Task details: When you write out the listing below, keep each word exactly as it stands and drop the pictures.

[Given material]

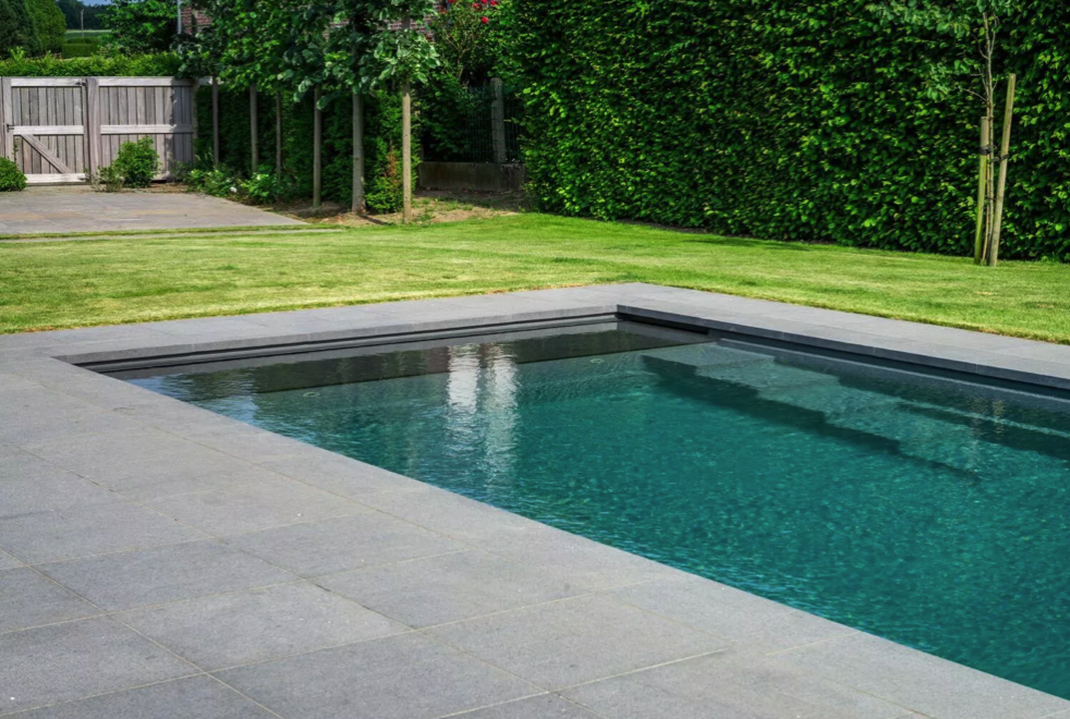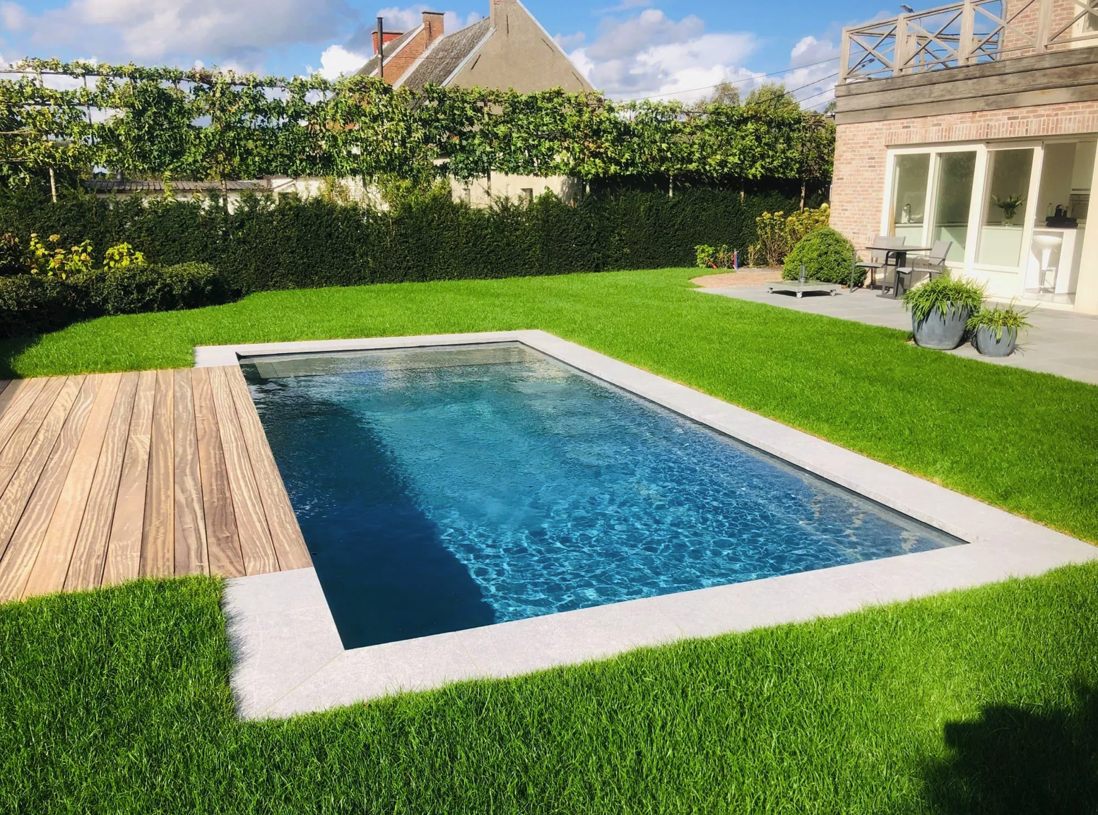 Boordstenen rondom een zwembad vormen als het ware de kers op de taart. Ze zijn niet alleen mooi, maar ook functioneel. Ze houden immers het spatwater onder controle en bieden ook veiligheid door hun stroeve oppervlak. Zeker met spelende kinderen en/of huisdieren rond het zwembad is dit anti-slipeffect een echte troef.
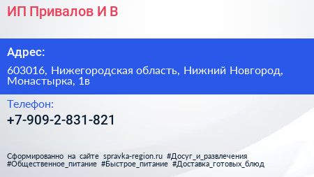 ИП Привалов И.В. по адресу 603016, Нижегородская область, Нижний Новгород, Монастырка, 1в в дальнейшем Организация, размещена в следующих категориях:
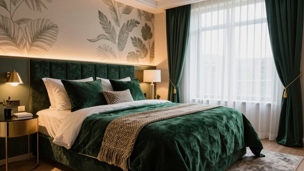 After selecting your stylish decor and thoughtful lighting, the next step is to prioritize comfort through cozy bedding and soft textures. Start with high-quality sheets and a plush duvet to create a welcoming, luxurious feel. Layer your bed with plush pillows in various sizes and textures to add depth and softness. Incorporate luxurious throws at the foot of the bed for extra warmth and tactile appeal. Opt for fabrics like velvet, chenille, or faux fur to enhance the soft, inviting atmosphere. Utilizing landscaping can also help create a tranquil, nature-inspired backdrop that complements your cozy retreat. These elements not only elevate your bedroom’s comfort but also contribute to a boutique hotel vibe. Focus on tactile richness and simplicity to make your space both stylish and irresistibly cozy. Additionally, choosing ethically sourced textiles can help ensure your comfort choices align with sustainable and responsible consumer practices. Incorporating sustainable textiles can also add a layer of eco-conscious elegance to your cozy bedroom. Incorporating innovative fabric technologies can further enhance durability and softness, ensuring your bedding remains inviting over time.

[/Given material]

Reply to the exercise:
 Boordstenen rondom een zwembad vormen als het ware de kers op de taart. Ze zijn niet alleen mooi, maar ook functioneel. Ze houden immers het spatwater onder controle en bieden ook veiligheid door hun stroeve oppervlak. Zeker met spelende kinderen en/of huisdieren rond het zwembad is dit anti-slipeffect een echte troef.
 ИП Привалов И.В. по адресу 603016, Нижегородская область, Нижний Новгород, Монастырка, 1в в дальнейшем Организация, размещена в следующих категориях:
 After selecting your stylish decor and thoughtful lighting, the next step is to prioritize comfort through cozy bedding and soft textures. Start with high-quality sheets and a plush duvet to create a welcoming, luxurious feel. Layer your bed with plush pillows in various sizes and textures to add depth and softness. Incorporate luxurious throws at the foot of the bed for extra warmth and tactile appeal. Opt for fabrics like velvet, chenille, or faux fur to enhance the soft, inviting atmosphere. Utilizing landscaping can also help create a tranquil, nature-inspired backdrop that complements your cozy retreat. These elements not only elevate your bedroom’s comfort but also contribute to a boutique hotel vibe. Focus on tactile richness and simplicity to make your space both stylish and irresistibly cozy. Additionally, choosing ethically sourced textiles can help ensure your comfort choices align with sustainable and responsible consumer practices. Incorporating sustainable textiles can also add a layer of eco-conscious elegance to your cozy bedroom. Incorporating innovative fabric technologies can further enhance durability and softness, ensuring your bedding remains inviting over time.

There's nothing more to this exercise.